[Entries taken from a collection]
- - -

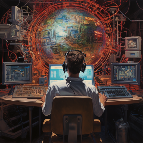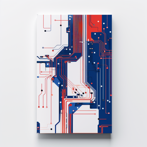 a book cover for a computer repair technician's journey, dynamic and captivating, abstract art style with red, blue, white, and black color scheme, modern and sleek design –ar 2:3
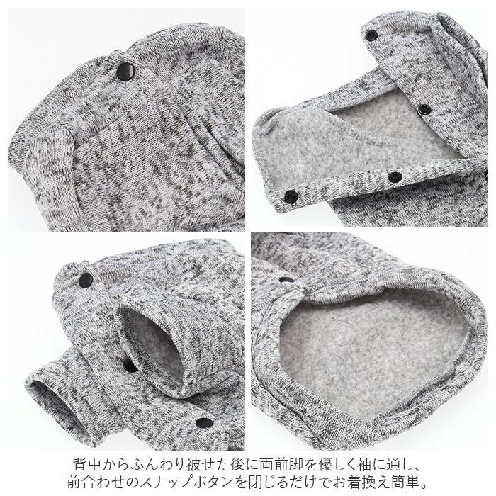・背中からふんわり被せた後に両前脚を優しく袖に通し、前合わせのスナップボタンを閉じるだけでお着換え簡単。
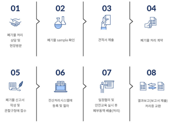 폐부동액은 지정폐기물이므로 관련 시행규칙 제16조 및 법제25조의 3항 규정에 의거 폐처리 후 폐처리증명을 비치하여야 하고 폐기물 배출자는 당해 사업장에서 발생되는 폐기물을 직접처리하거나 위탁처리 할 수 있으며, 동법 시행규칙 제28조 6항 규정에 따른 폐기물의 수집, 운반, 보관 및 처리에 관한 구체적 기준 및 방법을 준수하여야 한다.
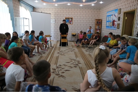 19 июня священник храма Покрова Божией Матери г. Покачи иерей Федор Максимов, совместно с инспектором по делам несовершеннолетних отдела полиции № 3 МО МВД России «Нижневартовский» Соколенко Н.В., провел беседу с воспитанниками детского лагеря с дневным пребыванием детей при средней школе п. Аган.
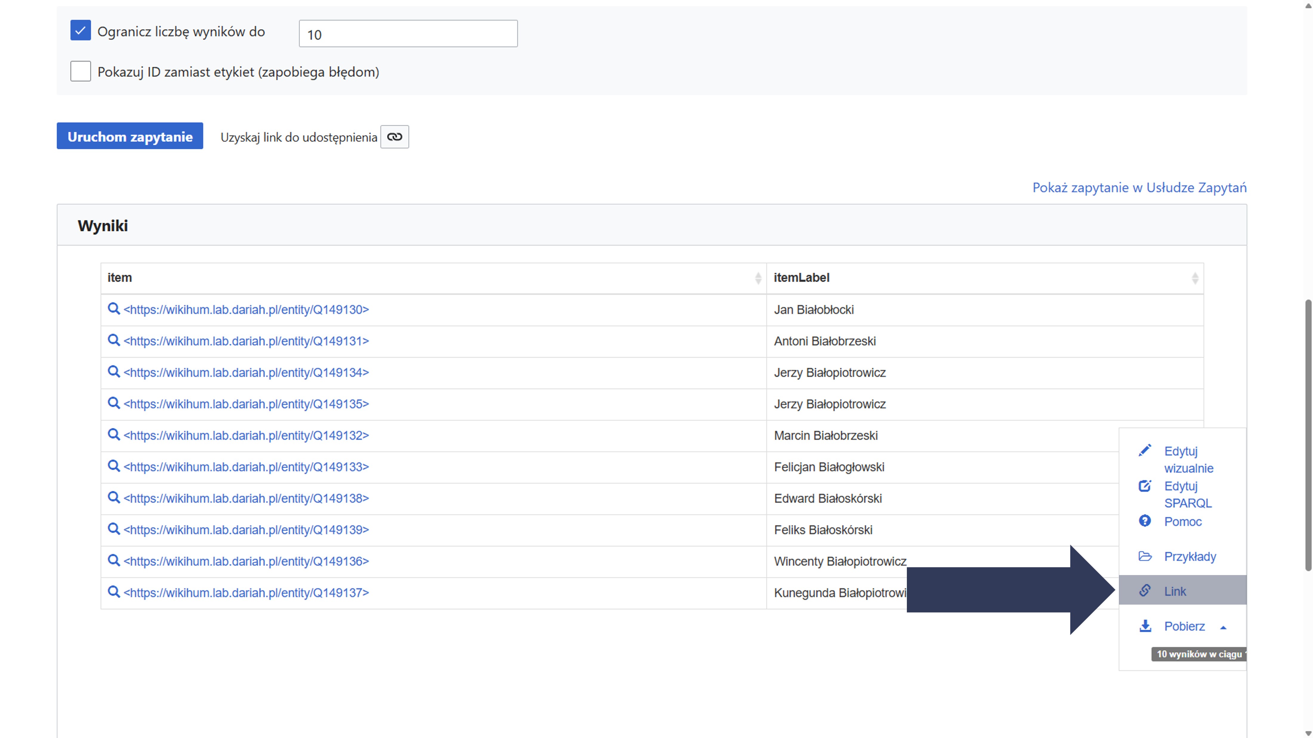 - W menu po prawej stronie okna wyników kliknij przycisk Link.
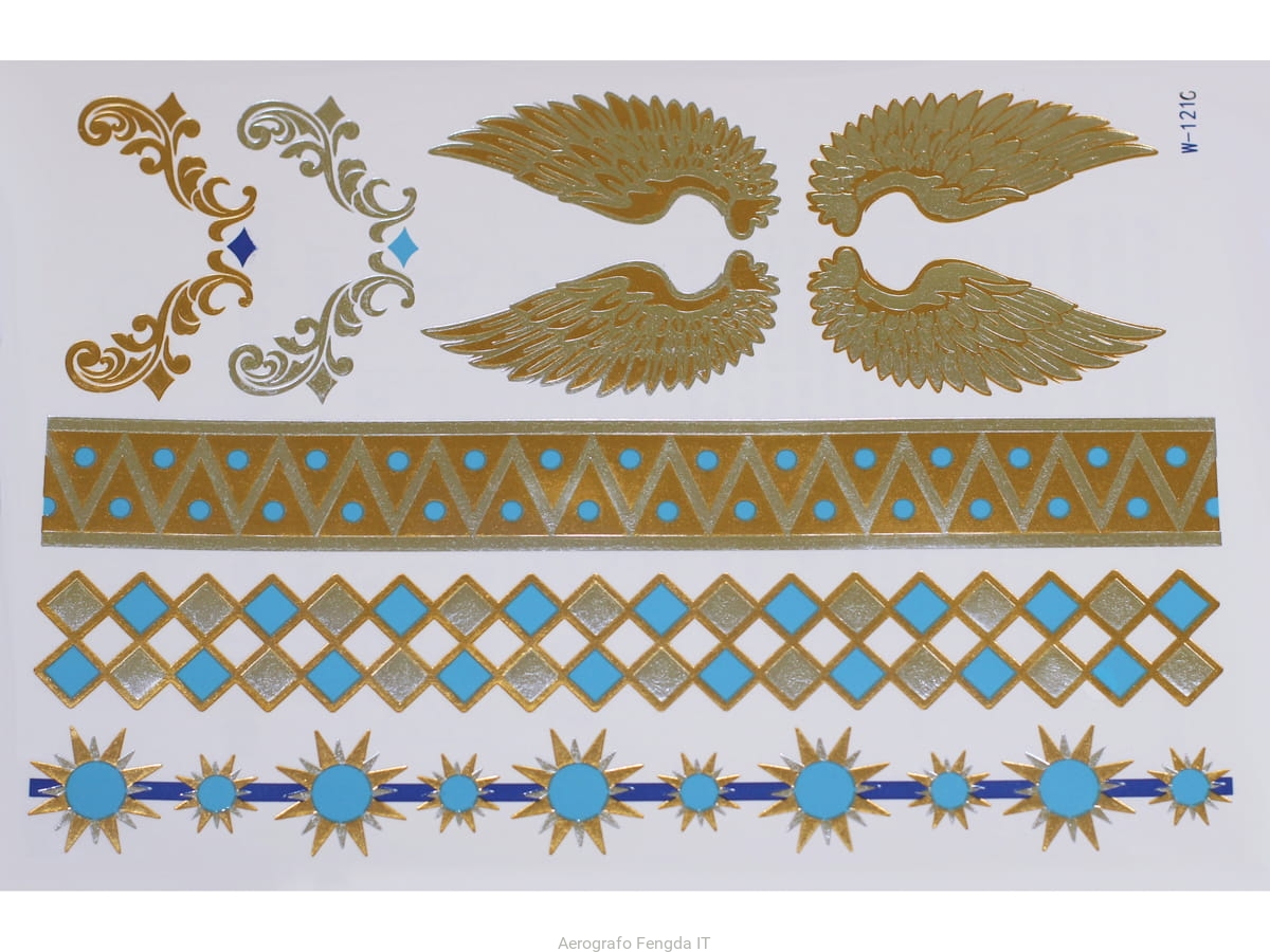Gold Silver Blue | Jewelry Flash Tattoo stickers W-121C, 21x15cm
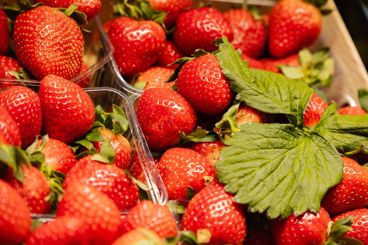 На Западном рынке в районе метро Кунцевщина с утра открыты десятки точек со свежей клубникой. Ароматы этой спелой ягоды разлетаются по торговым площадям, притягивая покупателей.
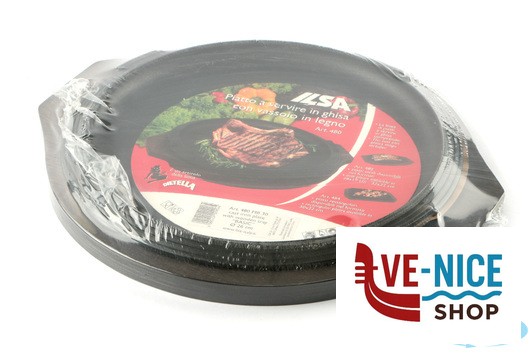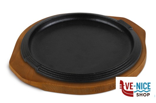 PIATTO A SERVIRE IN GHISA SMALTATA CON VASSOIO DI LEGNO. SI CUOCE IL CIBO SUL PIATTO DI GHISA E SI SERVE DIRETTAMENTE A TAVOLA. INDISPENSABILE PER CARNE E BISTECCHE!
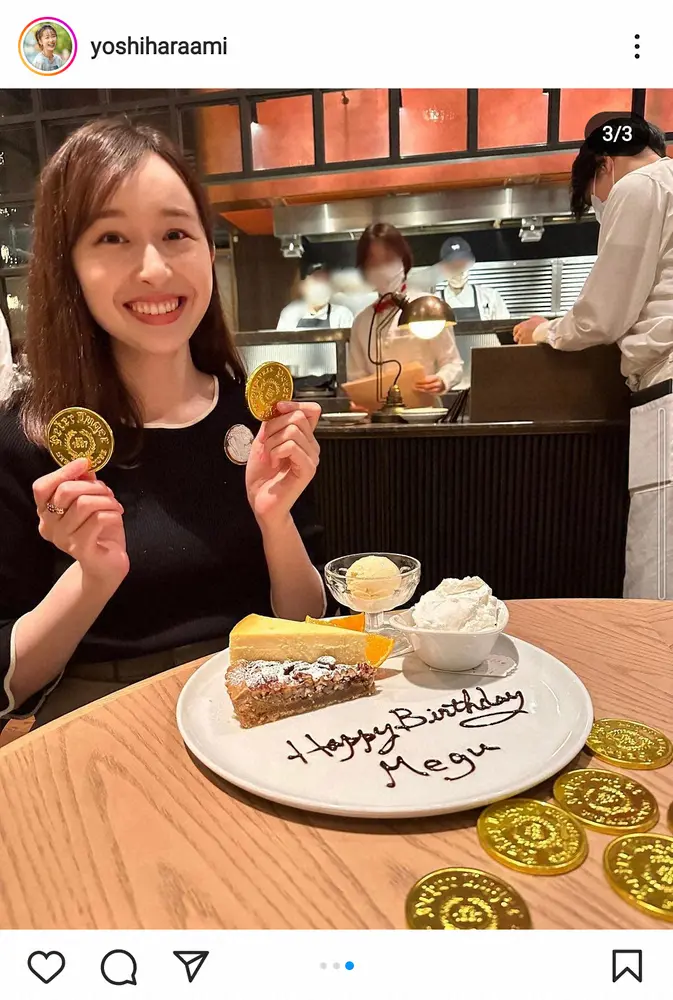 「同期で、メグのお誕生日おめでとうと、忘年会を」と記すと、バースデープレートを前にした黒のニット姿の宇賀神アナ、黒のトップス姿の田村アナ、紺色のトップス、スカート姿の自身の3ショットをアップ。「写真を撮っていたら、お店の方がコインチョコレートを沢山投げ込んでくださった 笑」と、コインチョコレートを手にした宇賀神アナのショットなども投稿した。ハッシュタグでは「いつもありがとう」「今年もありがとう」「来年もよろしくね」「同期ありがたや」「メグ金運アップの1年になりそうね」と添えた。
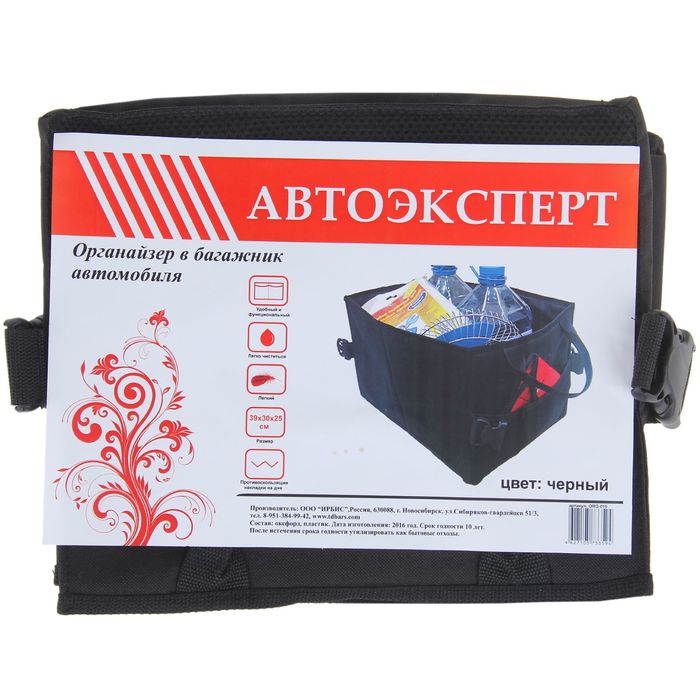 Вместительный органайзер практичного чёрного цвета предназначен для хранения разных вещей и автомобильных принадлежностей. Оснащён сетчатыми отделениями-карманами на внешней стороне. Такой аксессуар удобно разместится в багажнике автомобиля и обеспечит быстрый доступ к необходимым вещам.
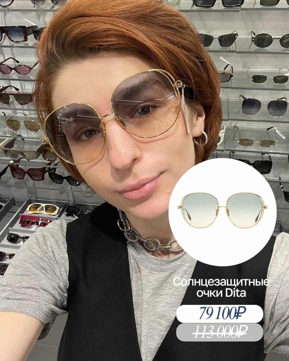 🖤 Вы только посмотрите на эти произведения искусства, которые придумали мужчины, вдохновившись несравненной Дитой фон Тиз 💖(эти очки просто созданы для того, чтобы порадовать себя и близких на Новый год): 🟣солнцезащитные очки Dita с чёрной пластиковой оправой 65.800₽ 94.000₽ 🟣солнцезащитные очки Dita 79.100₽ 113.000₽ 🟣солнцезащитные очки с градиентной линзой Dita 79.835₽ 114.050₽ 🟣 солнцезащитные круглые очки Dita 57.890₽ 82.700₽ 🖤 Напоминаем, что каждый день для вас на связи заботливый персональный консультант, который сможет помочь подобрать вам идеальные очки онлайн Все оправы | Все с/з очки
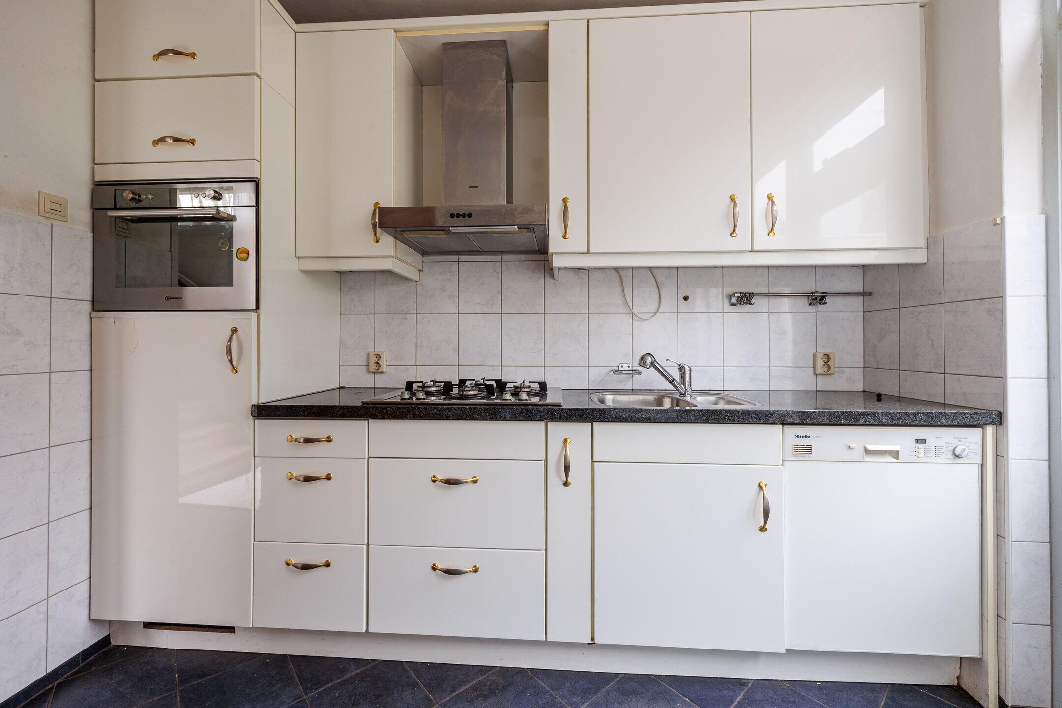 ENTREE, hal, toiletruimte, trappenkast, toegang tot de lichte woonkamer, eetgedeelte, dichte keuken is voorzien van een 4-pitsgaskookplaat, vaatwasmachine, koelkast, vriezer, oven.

- - -

## Exercise:
Could you transcribe exactly the entries above, but only the lines from the one with "폐부동액은 지정폐기물이므로 관련" through the one with "PIATTO A SERVIRE", and without pictures?

## Response to this exercise:
 폐부동액은 지정폐기물이므로 관련 시행규칙 제16조 및 법제25조의 3항 규정에 의거 폐처리 후 폐처리증명을 비치하여야 하고 폐기물 배출자는 당해 사업장에서 발생되는 폐기물을 직접처리하거나 위탁처리 할 수 있으며, 동법 시행규칙 제28조 6항 규정에 따른 폐기물의 수집, 운반, 보관 및 처리에 관한 구체적 기준 및 방법을 준수하여야 한다.
 19 июня священник храма Покрова Божией Матери г. Покачи иерей Федор Максимов, совместно с инспектором по делам несовершеннолетних отдела полиции № 3 МО МВД России «Нижневартовский» Соколенко Н.В., провел беседу с воспитанниками детского лагеря с дневным пребыванием детей при средней школе п. Аган.
 - W menu po prawej stronie okna wyników kliknij przycisk Link.
Gold Silver Blue | Jewelry Flash Tattoo stickers W-121C, 21x15cm
 На Западном рынке в районе метро Кунцевщина с утра открыты десятки точек со свежей клубникой. Ароматы этой спелой ягоды разлетаются по торговым площадям, притягивая покупателей.
 PIATTO A SERVIRE IN GHISA SMALTATA CON VASSOIO DI LEGNO. SI CUOCE IL CIBO SUL PIATTO DI GHISA E SI SERVE DIRETTAMENTE A TAVOLA. INDISPENSABILE PER CARNE E BISTECCHE!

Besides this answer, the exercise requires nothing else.